Work item. Every line of the data below should be printed exactly. Nothing may be dropped.

Data for this task.
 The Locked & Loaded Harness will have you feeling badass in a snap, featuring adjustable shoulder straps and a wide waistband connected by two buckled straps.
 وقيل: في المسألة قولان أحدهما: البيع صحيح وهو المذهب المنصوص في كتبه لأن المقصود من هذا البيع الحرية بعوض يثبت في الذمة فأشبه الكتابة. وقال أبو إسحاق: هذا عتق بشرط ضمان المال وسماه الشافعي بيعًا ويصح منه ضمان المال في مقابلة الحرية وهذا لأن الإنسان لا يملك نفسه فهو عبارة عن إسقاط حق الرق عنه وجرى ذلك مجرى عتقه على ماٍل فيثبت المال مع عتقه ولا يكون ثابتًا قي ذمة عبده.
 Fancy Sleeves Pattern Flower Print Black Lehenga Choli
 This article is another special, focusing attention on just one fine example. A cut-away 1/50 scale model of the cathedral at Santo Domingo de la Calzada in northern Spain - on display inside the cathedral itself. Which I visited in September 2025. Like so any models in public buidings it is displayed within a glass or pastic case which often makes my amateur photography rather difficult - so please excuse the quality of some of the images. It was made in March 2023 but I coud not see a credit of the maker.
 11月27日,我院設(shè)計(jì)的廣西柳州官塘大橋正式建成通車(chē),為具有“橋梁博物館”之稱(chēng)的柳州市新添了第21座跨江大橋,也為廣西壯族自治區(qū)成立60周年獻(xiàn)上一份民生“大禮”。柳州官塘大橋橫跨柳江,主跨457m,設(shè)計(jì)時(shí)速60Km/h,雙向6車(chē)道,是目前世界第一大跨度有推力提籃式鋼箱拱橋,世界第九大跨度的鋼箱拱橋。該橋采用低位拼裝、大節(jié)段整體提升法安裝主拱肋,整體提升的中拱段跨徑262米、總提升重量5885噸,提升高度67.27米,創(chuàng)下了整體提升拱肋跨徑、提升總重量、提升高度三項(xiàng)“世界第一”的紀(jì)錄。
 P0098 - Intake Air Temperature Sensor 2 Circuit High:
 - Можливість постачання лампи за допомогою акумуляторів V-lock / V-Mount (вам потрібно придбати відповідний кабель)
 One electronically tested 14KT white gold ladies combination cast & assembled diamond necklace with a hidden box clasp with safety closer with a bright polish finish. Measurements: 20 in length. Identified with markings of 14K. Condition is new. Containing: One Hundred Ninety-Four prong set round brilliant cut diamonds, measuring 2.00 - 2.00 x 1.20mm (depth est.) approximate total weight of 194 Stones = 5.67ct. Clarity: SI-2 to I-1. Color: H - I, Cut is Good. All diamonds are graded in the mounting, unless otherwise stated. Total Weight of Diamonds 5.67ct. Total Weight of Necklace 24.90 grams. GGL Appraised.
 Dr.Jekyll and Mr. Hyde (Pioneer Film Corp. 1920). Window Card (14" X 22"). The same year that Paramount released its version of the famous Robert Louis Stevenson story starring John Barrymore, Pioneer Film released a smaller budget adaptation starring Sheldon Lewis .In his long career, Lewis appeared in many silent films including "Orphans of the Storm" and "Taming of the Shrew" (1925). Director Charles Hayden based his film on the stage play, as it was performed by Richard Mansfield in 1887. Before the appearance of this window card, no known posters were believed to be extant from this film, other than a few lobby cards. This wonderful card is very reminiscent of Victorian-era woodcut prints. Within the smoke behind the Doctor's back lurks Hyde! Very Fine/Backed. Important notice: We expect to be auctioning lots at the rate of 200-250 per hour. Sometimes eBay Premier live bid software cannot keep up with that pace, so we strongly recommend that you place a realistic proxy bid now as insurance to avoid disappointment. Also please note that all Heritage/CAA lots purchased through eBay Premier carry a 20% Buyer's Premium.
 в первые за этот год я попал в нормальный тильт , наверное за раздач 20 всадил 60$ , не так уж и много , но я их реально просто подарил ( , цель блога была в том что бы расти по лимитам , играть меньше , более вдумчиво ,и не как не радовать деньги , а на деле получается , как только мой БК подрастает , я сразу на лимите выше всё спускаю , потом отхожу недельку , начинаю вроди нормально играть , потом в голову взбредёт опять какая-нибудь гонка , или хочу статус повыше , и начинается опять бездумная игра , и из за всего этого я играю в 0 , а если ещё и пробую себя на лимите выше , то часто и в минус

Response box.
 The Locked & Loaded Harness will have you feeling badass in a snap, featuring adjustable shoulder straps and a wide waistband connected by two buckled straps.
 وقيل: في المسألة قولان أحدهما: البيع صحيح وهو المذهب المنصوص في كتبه لأن المقصود من هذا البيع الحرية بعوض يثبت في الذمة فأشبه الكتابة. وقال أبو إسحاق: هذا عتق بشرط ضمان المال وسماه الشافعي بيعًا ويصح منه ضمان المال في مقابلة الحرية وهذا لأن الإنسان لا يملك نفسه فهو عبارة عن إسقاط حق الرق عنه وجرى ذلك مجرى عتقه على ماٍل فيثبت المال مع عتقه ولا يكون ثابتًا قي ذمة عبده.
 Fancy Sleeves Pattern Flower Print Black Lehenga Choli
 This article is another special, focusing attention on just one fine example. A cut-away 1/50 scale model of the cathedral at Santo Domingo de la Calzada in northern Spain - on display inside the cathedral itself. Which I visited in September 2025. Like so any models in public buidings it is displayed within a glass or pastic case which often makes my amateur photography rather difficult - so please excuse the quality of some of the images. It was made in March 2023 but I coud not see a credit of the maker.
 11月27日,我院設(shè)計(jì)的廣西柳州官塘大橋正式建成通車(chē),為具有“橋梁博物館”之稱(chēng)的柳州市新添了第21座跨江大橋,也為廣西壯族自治區(qū)成立60周年獻(xiàn)上一份民生“大禮”。柳州官塘大橋橫跨柳江,主跨457m,設(shè)計(jì)時(shí)速60Km/h,雙向6車(chē)道,是目前世界第一大跨度有推力提籃式鋼箱拱橋,世界第九大跨度的鋼箱拱橋。該橋采用低位拼裝、大節(jié)段整體提升法安裝主拱肋,整體提升的中拱段跨徑262米、總提升重量5885噸,提升高度67.27米,創(chuàng)下了整體提升拱肋跨徑、提升總重量、提升高度三項(xiàng)“世界第一”的紀(jì)錄。
 P0098 - Intake Air Temperature Sensor 2 Circuit High:
 - Можливість постачання лампи за допомогою акумуляторів V-lock / V-Mount (вам потрібно придбати відповідний кабель)
 One electronically tested 14KT white gold ladies combination cast & assembled diamond necklace with a hidden box clasp with safety closer with a bright polish finish. Measurements: 20 in length. Identified with markings of 14K. Condition is new. Containing: One Hundred Ninety-Four prong set round brilliant cut diamonds, measuring 2.00 - 2.00 x 1.20mm (depth est.) approximate total weight of 194 Stones = 5.67ct. Clarity: SI-2 to I-1. Color: H - I, Cut is Good. All diamonds are graded in the mounting, unless otherwise stated. Total Weight of Diamonds 5.67ct. Total Weight of Necklace 24.90 grams. GGL Appraised.
 Dr.Jekyll and Mr. Hyde (Pioneer Film Corp. 1920). Window Card (14" X 22"). The same year that Paramount released its version of the famous Robert Louis Stevenson story starring John Barrymore, Pioneer Film released a smaller budget adaptation starring Sheldon Lewis .In his long career, Lewis appeared in many silent films including "Orphans of the Storm" and "Taming of the Shrew" (1925). Director Charles Hayden based his film on the stage play, as it was performed by Richard Mansfield in 1887. Before the appearance of this window card, no known posters were believed to be extant from this film, other than a few lobby cards. This wonderful card is very reminiscent of Victorian-era woodcut prints. Within the smoke behind the Doctor's back lurks Hyde! Very Fine/Backed. Important notice: We expect to be auctioning lots at the rate of 200-250 per hour. Sometimes eBay Premier live bid software cannot keep up with that pace, so we strongly recommend that you place a realistic proxy bid now as insurance to avoid disappointment. Also please note that all Heritage/CAA lots purchased through eBay Premier carry a 20% Buyer's Premium.
 в первые за этот год я попал в нормальный тильт , наверное за раздач 20 всадил 60$ , не так уж и много , но я их реально просто подарил ( , цель блога была в том что бы расти по лимитам , играть меньше , более вдумчиво ,и не как не радовать деньги , а на деле получается , как только мой БК подрастает , я сразу на лимите выше всё спускаю , потом отхожу недельку , начинаю вроди нормально играть , потом в голову взбредёт опять какая-нибудь гонка , или хочу статус повыше , и начинается опять бездумная игра , и из за всего этого я играю в 0 , а если ещё и пробую себя на лимите выше , то часто и в минус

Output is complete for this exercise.